Deftness and dexterity, something so easy, lambent, and yet ever so contemplative in the face of what lay in store for the likes of Czernowicz, who was, so many, many decades later, still speaking to God. I kept thinking of his playing this piece as the piano cut holes into the very piece of cardboard in front of us — how could he not have known that in a few years he’d drink of the black milk of dawn? The more I listened, the more it seemed to become more about him than about Siloti, more about Jews like Max who outlived the Holocaust but would never live out its sentence, more about the fugue of death than about Bach’s prelude and fugue. I knew that this would never be undone, that from this too there was no turning back, no coming back, just as I knew that without Max and this old house, without winter on the Hudson, without Clara and our three days together, the prelude would remain the glistening empty shell it had always been for me until now. It needed the Shoah for it to come alive, it needed Clara’s voice in my intercom, Clara’s laughter as she waved obscene gestures in her car, it needed our being here like this in Edy’s warm corner by the lurching bull, and her admonitions forbidding so many things; it even needed my inability to focus on the music, as though not focusing on the music while thinking of reaching out to her would end up being part of how the music needed to be heeded, registered, remembered. If art were nothing more than a way of figuring out the design of random things, then the love of art must come from nothing less random. Art may be nothing more than the invention of cadence, a reasoning with chaos. It will use anything, just anything, to loop itself around us, and around us again, and around us once more till it finds its way in.
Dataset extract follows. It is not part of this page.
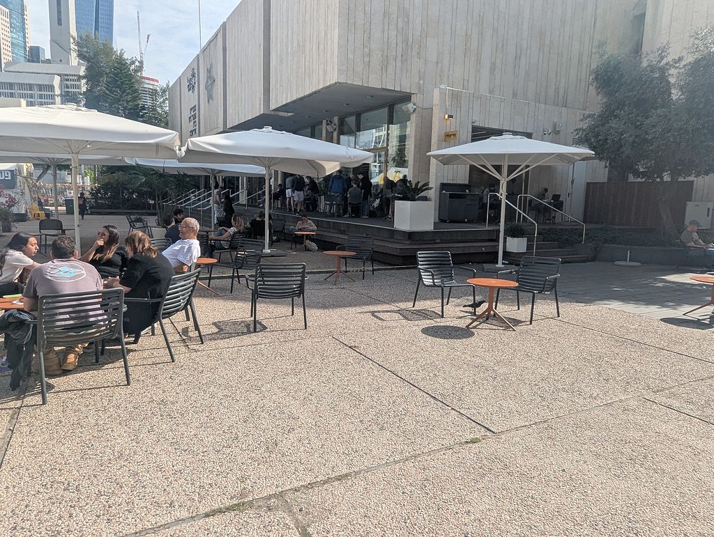 Being located at the entrance for Beit Ariela Library makes this place a great location for families and individuals looking to work/study remotely. Indoor seating is scarce, but they have plenty of outside tables.

Could one ever listen to the Bach after the Siloti?

No one answered.

I asked if I could hear it once more.

He looked pleased. I was hooked, he thought.

Then, when the glorious beginning swept over us again, he excused himself to go help Margo out with lunch.

Left alone with her, I began to feel a sense of total discomfort. All of these empty chairs around us, and yet here we were, Clara and I, squeezed tight together on this narrow love seat. I wanted to find an excuse to move away, perhaps by making a show of wanting to get closer to the music. But I stayed put, did not breathe, did not budge, didn’t even show I had thought of budging. She too must have felt awkward before noticing my own discomfort. But she masked it better than I, for she didn’t even stir. Perhaps she hadn’t noticed anything, and my reading of her discomfort, as my reading of the Siloti prelude, or of what she meant by Printz Oskár each time she used the words, or of our awkward love seat arrangement right now, was nothing more than another misreading, my startled gaze to the world looking back at me. Was there any way for her to know what I was feeling, thinking? Or hadn’t it even crossed her mind? She was so distracted by the music that she hadn’t even noticed that her thigh was touching mine, from hip to knee, hip to knee, which is to say, almost 20 percent of our bodies. What if I told her that while the prelude was streaming over us, my thoughts were focused on the hip-to-knee, joined at the hip, you and I, Clara, for we’re of one kidney too, and all we need is a slight tilt in our seating, and it could just as easily be my hips against your hips, me inside you, as we listen to this music, again and again, the smell of you on my skin, everywhere on my skin, because I want to be bathed in your smell, rub it on my back, your wetness on my neck and everywhere on my body, you and I, Clara.